The second wave of Huns according to Göbl’s account was that of the so-called “Alkhon.” Their name is almost exclusively known from inscriptions on coins (but cf. Markwart, p. 141), which Göbl (cf. 1967, I, pp. 56-57, 70-72, 218-219; II, pp. 59-66) interprets as ALXONO, in which the component -xon represents a Hun name (Göbl, 1978, p. 107). The Alkhon pushed back the Kidarites step by step and finally occupied the whole of northwestern India. They represented the group of Huns who were called “Hūṇas” in the Indian sources. Particularly well known were their rulers Khiṇgila, his successor Tora-māṇa, and the notorious animal torturer Mihirakula, who was eventually defeated by a group of Indian maharajas. After his death ca. 542–50 C.E., part of the Indian Alkhon appear to have migrated back to Afghanistan (Göbl, 1967, II, pp. 58, 70; Alram, p. 138; but cf. Frye, pp. 348, 355-56).
A group whose name on coins had formerly been interpreted as Napki (npky; cf. Bivar, 1971, p. 304) and was read by Göbl as Nspk (cf. Göbl, 1967, I, pp. 24-26, II, pp. 248-49) were responsible for the third wave of immigration (after 450 C.E.). The correct reading, which was accepted by Göbl, is, however, nēzak (cf. Frye, pp. 355-56), which probably represents the title of a ruler (Göbl, 1978, p. 107). The territory of the Nēzak was in present-day Afghanistan south of the Hindu Kush with main centers in Ḡazni (q.v.) and Kabul.
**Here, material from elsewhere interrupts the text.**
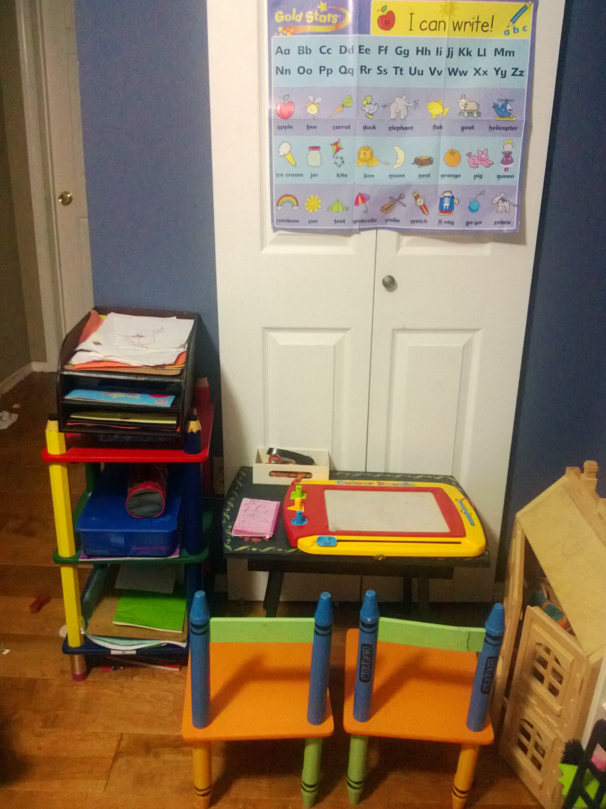 Writing table. We also have a pot of pens and pencils and scissors downstairs. Glue sticks, paper etc are in a kitchen cupboard.

The fourth and most important wave of “Iranian Huns” was that of the genuine Hephthalites, who considerably damaged the Sasanian empire in the 5th and 6th centuries C.E. They were first expressly documented in the reign of Pērōz and were graphically described by Procopius (Bella 1.3). According to his testimony, the “Ephthalitai” were a tribe of Huns and were also called “White Huns.” Procopius points out, however, that they did not mix with the other known Huns, that they differed from them in their looks and lifestyle, and that they lived away from the others further north from the Persians. Unlike the other Huns, he said, the Hephthalites were not nomads; they had a king and possessed a well-organized state equal to that of the Romans or Persians. During the reigns of Pērōz and of his son Kavād I, they exercised much political influence on the Sasanian empire. However, around 560 C.E. they lost their power due to what may have been jointly undertaken actions by the Western Turks and the Sasanians (under Ḵosrow I). Although the latter managed to destroy the state of the Hephthalites, the core of the Huns power in what is now southern Afghanistan resisted longer. The Arabs called the Hephthalites “Hayātela,” and had to come to terms with local leaders descending from both Iranians and Huns (Bivar, 1971, p. 304; Bosworth).